I know that patch support has gone through some transition lately, but it is still often painful.  My patching process is I look at a few baseline machines that represent my fleet and see what patches are available in win update.  Then I go to CMS and start testing available patches on those machines, then send to test group, then to the fleet.  My goal is to make those baseline machines show as few available patches as possible for Microsoft.  I don't know if others are patching the same way - seeing what's in win update and basing which bulletins to stage off of that.
Inevitably, almost every month, there's a patch that was released (or updated) by microsoft that Win Updates says I need that is either not showing in remediation center, or it shows installed already (if it's an updated patch v2, etc) when I still need the new version.  These are usually pretty straight forward PMImport issues that IF I can get the issues escalated to 'backline' - they're usually fixed, sometimes quickly, sometimes it takes a few weeks.
My problem isn't with backline sometimes taking long (although for critical security updates, waiting a few weeks is questionable).  I understand that patch support must be very complicated.  My complaint is getting those tickets escalated is often difficult at best.  When a ticket goes in, I try to be as descriptive as possible.  I've learned to include my OS, my PMIMport version, screenshots, etc.  Some of these tickets are so obvious PMImport issues, but Level 1 will come back sometimes asking me to describe the issue without any indication they read the info I put in the case, and then after going back and forth for days or weeks, asking me to run through the barrage of data collection from HOWTO60789 (which I shouldn't have to do for every patch case).  I get that they need XYZ in order to escalate, but I'm tired of every month going through the wringer.
I often ask if Support has a test environment, does the patch show for them, etc.  One time they told me 'yup works for us' and my issue was I wasn't selecting the right Microsoft data under the 'import patch data for windows' and I should check every single MS update there.  I refused, not wanting the clutter (it was an office update, I had all the office versions checked) and asked the tech to ask backline which update needed to be checked. Weeks later I got a reply that backline fixed the issue and now it works as expected without me checking anything additional in import patch data job.  It was questionable to me that it ever really was working for the tech in their test environment. 
I have 2 remaining tickets in for October win updates, and Level 1 tech assigned to the case seems to be doing his best, but seems to be getting the run around trying to escalate the case.  He replied that backline said "If you go to Programs and Features (Add/Remove Programs) in the Control Panel. Enable see Updates, are both of these updates installed? If they are showing installed there, but Windows Update says it is not. Then something is wrong with the Windows Update tool or within those two updates themselves. That would be something Microsoft would need to address."  In control panel, I don't have the win updates installed, and win upadte is correct.  Really, the odds that windows update is reporting wrong and remediation center is reporting right are slim to none in my book.
Patch is the reason I chose CMS because it represented one console where I could do anything.  I totally understand that PMImport issues are going to happen, but, as a customer, I am tired of feeling like the tickets I put in are inconveniencing backline and I need to do a handstand while bouncing a ball on my feet to get them to even look into it.  I'm paying for support.  I'm helping you to make your product better because I'd estimate 9/10 patch issues I put in are PMImport issues that must affect more than me.  I don't expect anything to get fixed overnight, but I do expect to be able to feel like my ticket is in the hands of someone who understands and is working towards a resolution.
Are others getting the run around almost every time they put a patch ticket in?  I used to have a great Sales Engineer contact at Symantec who would escalate any case I had issues with and it almost always lead to a quick resolution.  He has left the company, and the replacement isn't answering my emails.  One time on the forums I was given contact info for someone else who deals with patch issues exclusively, but he has also left the company.  
Any suggestions short of looking for a new PC management suite?

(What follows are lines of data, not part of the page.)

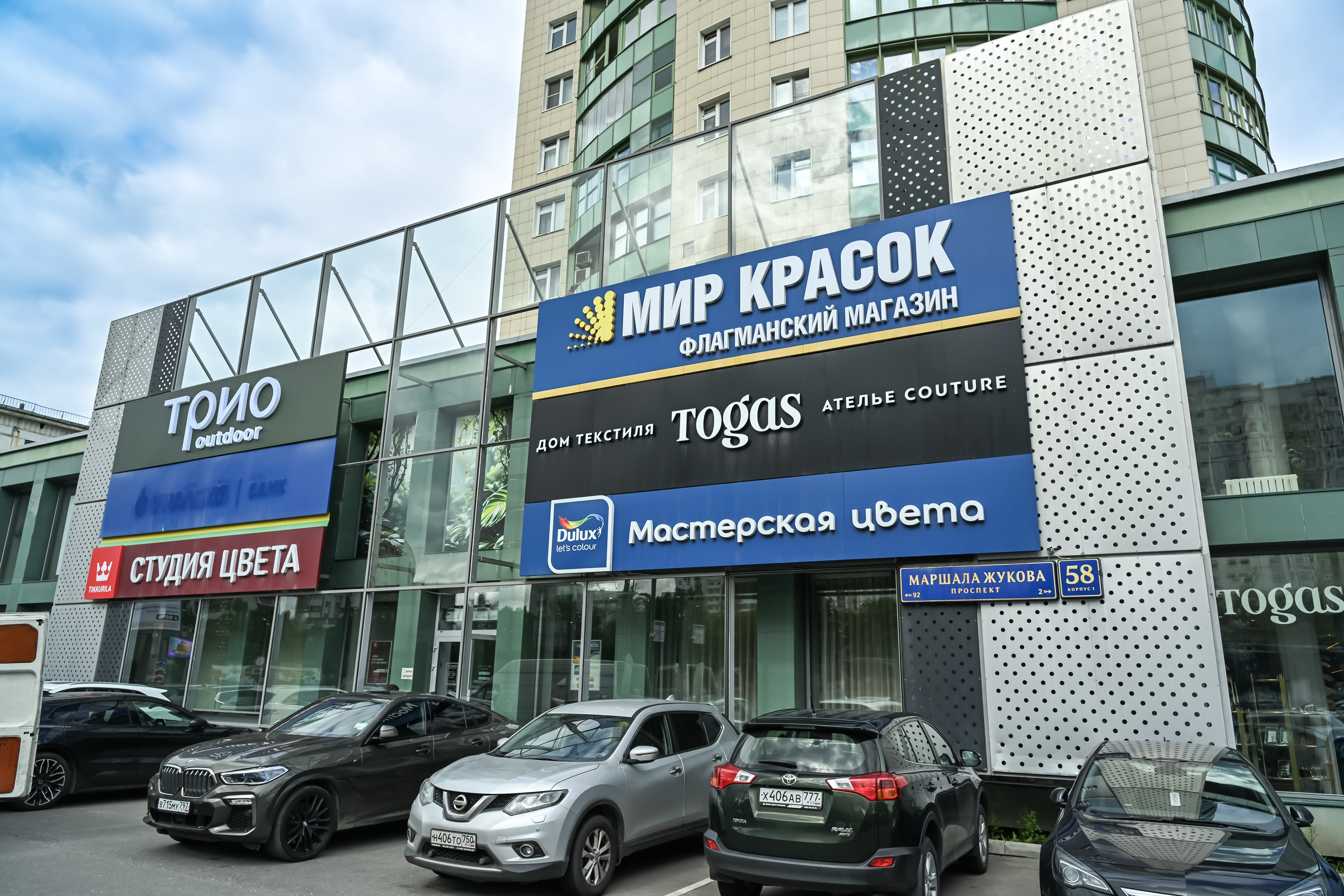 Архитектурный ансамбль "Серебряный квартет", состоящий из четырех стилобатов, расположен на первой линии крупнейшей столичной магистрали - проспекта Маршала Жукова, вдоль интенсивного пешеходного и автомобильного потока, в окружении густонаселенного жилого массива.
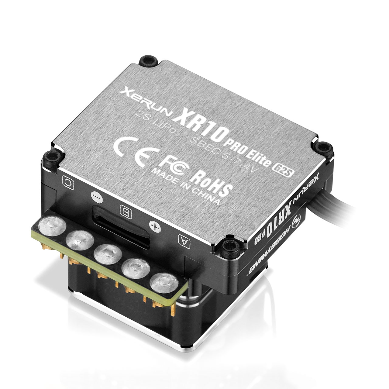 Der XR10 Pro Elite G2S macht in allen 1/10 Wettbewerben einfach eine gute und leichte Figur. Ausgestattet mit einem 32-bit M4 Mikroprozessor und diversen Sicherheitsfunktionen wird die Gefahr, dass die Austattung eines Fahrzeugs Schäden nimmt, minimiert. Dazu kommt, dass der Regler durch ein ausgeklügeltes Kühlsystem vor jeglicher Überhitzung geschützt ist. Der kupferne Kühlkörper auf der Leistungsplatine verstärkt diesen Effekt auch noch einmal mehr.
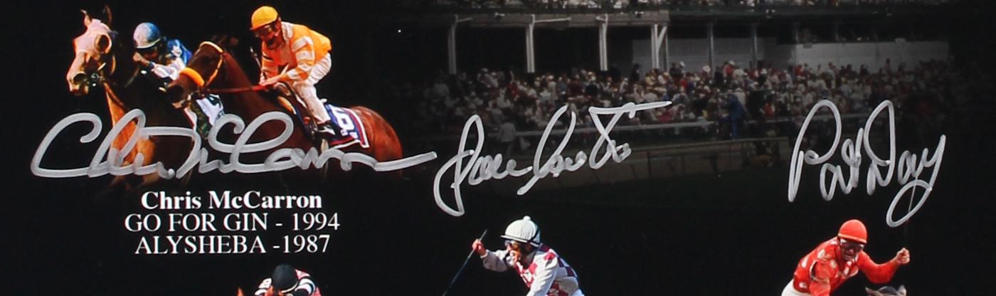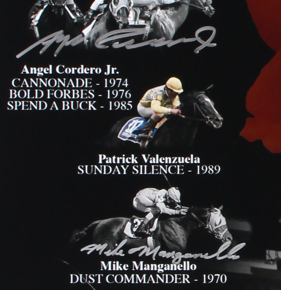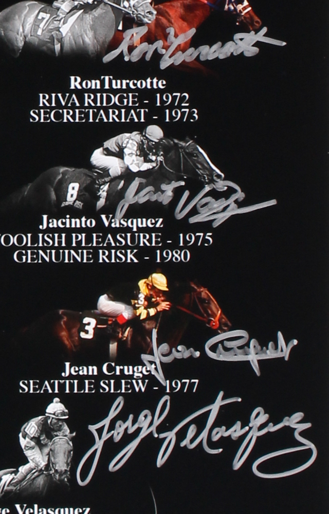Photo measures 16" x 20" in size. Photo has been hand-signed in silver paint pen by (9) jockeys including Ron Turcotte, Pat Day, Jean Cruguet, Mike Manganello, Angel Cordero Jr., Chris McCarron, Jose Santos, Jorge Velasquez, and Jacinto Vasquez.
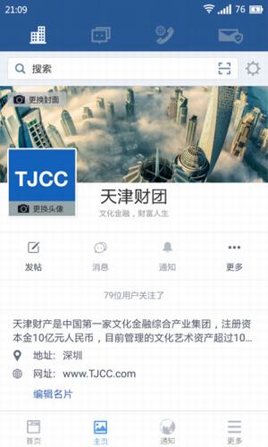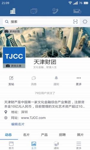 主页展示:企业和个人可通过自定义功能,构建符合个人和企业形象的个性化主页。个人注册后即拥有默认的主页。可根据兴趣爱好在主页上发布动态、博客、照片和视频,创建有特色的个人名片,全视角展示自己,建立人脉圈子,创造事业发展的机遇。
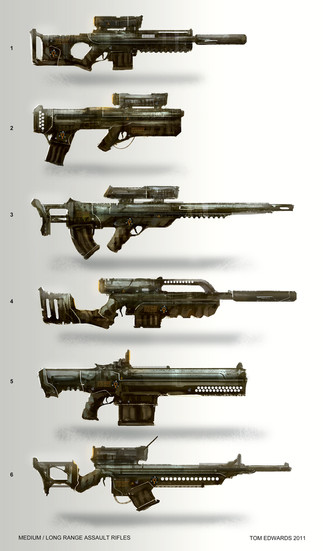 number 1 and six. the others either look uncomfortable to use or are to blocky to look like a proper gun. the last one is more like a assualt rifle type. but both of them are very well designed. could most certainly see them in a film or game as final pieces of work to be modelled.
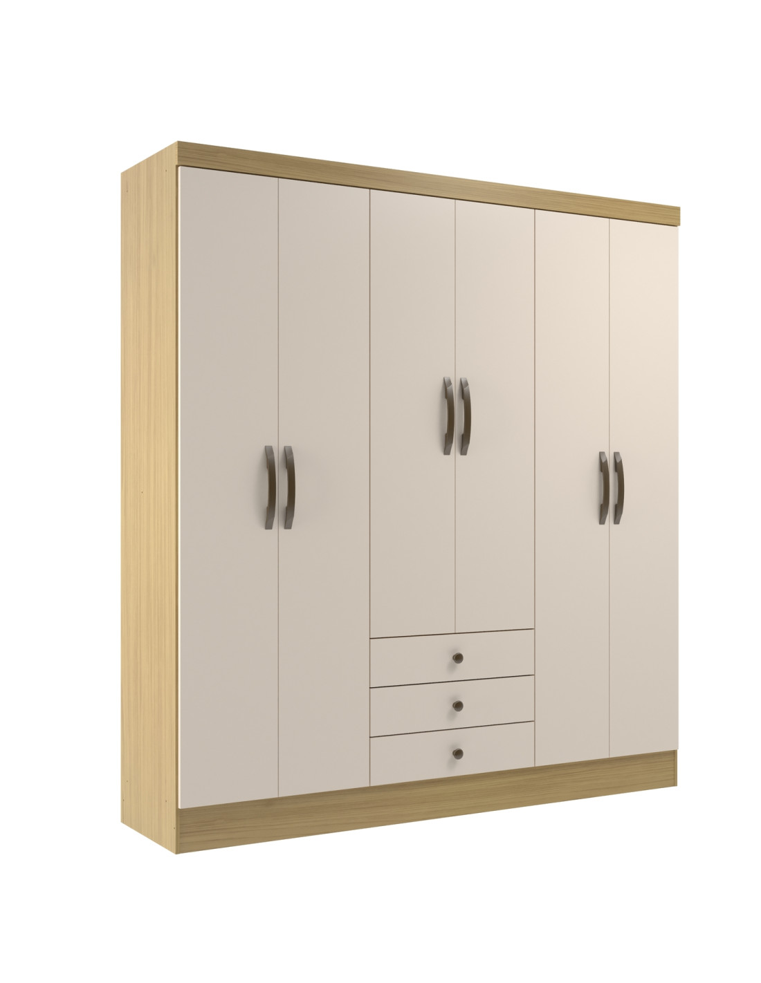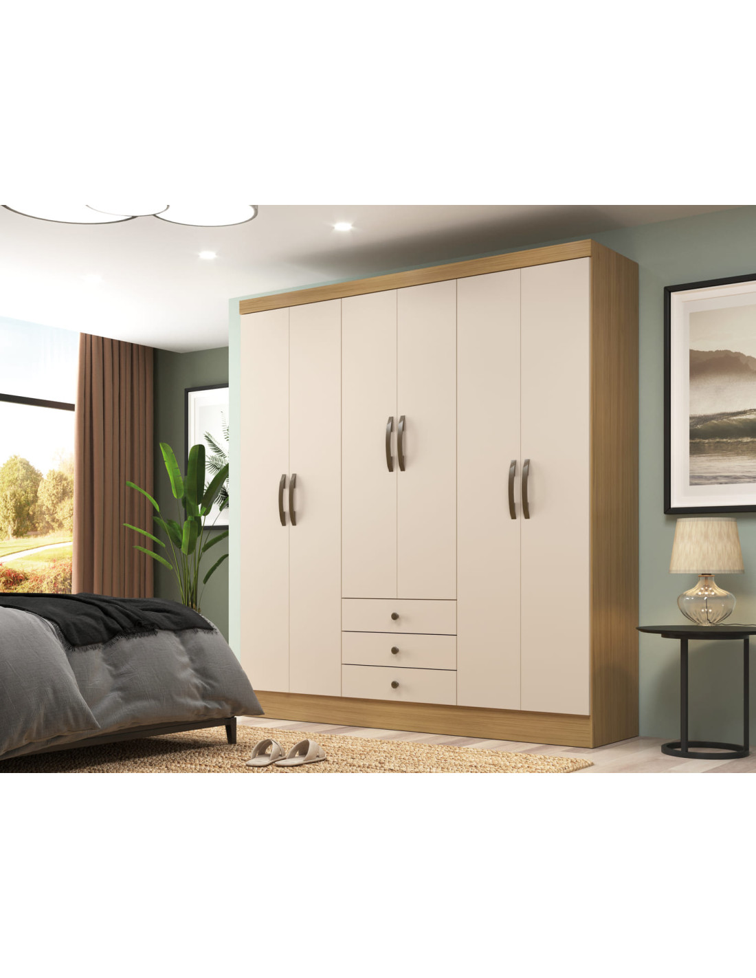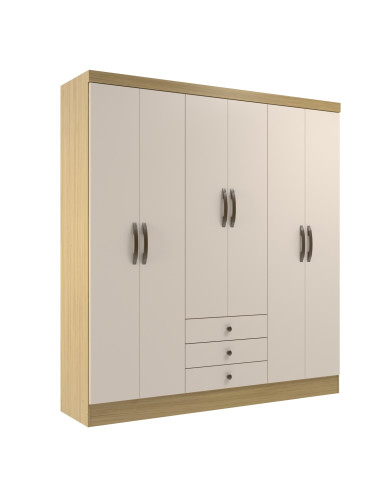 El closet Madrid 6 puertas Canary/Off White combina diseño contemporáneo y luminosidad natural. Su contraste entre el tono madera y el blanco suave genera armonía y amplitud. Ideal para quienes buscan elegancia funcional, ofrece gran capacidad de almacenamiento y materiales de calidad. Cada detalle refleja el estilo distintivo de DKO Home: espacios cálidos, equilibrio visual y confort moderno.

Comments 8 CommentsJump to latest comment

David Rowley's picture


My name is David Rowley and I am the Director of the Technical Support Department. I am looking into this and will reply back to you with more information.

David Rowley

David D. Rowley

Symantec Corporation

rweiss77's picture

Patch has also been a real pain here in our infrastructure, that is why we are still using WSUS until a lot of this gets ironed out.  I do know SP2 MP1 seems to be much more stable than previous builds according to our patch engineer. 

MichaelCiv's picture

Patch management is proving to be a very resource intenisve process in our University. I'm not sure we expected it to be as labor intensive as it is. Does anyone know if 7.5 will be making this product any easier to use? 

Sally5432's picture

@rewiss77 and @MichaelCiv

The patch product itself has worked very well for us as long as the patches are available via PMImport (however maybe relative to you our scope is small at ~500 computers).  Our problems come up when a patch isn't available weeks after release, or it isn't reporting correctly in compliance reporting and then dealing with support (which isn't always a bad experience, but sometimes is very frustrating).  

An example of a case I have open now

MSWU 661 not showing up in compliance reports, but shows in console under all software bulletins.  Windows update shows I need it.

Ticket submitted 11/6/2012 with screenshots 
11/7 Support had me stage the policy from all software bulletins, but computers didn't get it (I guess b/c Patch doesn't think I'm in need of it).  
11/8 support wanted me to make sure my inventories are running (they were, and this didn't really make sense to me since every other bulletin shows in compliance report ).  
11/9 support say they can replicate it but it's probably happening because it's a low severity update (my response is other updates with low severity show in remediation center compliance report).  
11/20 support said "I do not see them in Windows Compliance by Bulletin. Because once installed they drop out of this compliance report. " (that's just incorrect isn't it? the point of compliance reporting is to show where they are installed, they don't drop out of the report).  
Also on 11/20 support says I need Hotfix 2574819 to be eligible for 661, I replied with screenshot I have hotfix installed on our machines via a prior update.  
11/27 backline asks for 6D417916-467C-46A7-6D86D9345B61/Cache and server logs, sent over.  
11/29 Received eTrack case
12/4 I got email from support TECH200438 was created for the case for me to follow -

The tech assigned to the case is trying to help.  I understand this isn't a high priority security update, it just happens to be a case I can view the history on easily.  I feel like everything that happened between 11/7 and 11/27 probably could've been handled via one or 2 phone calls versus weeks of going back and forth which I think is the real root of frustration.  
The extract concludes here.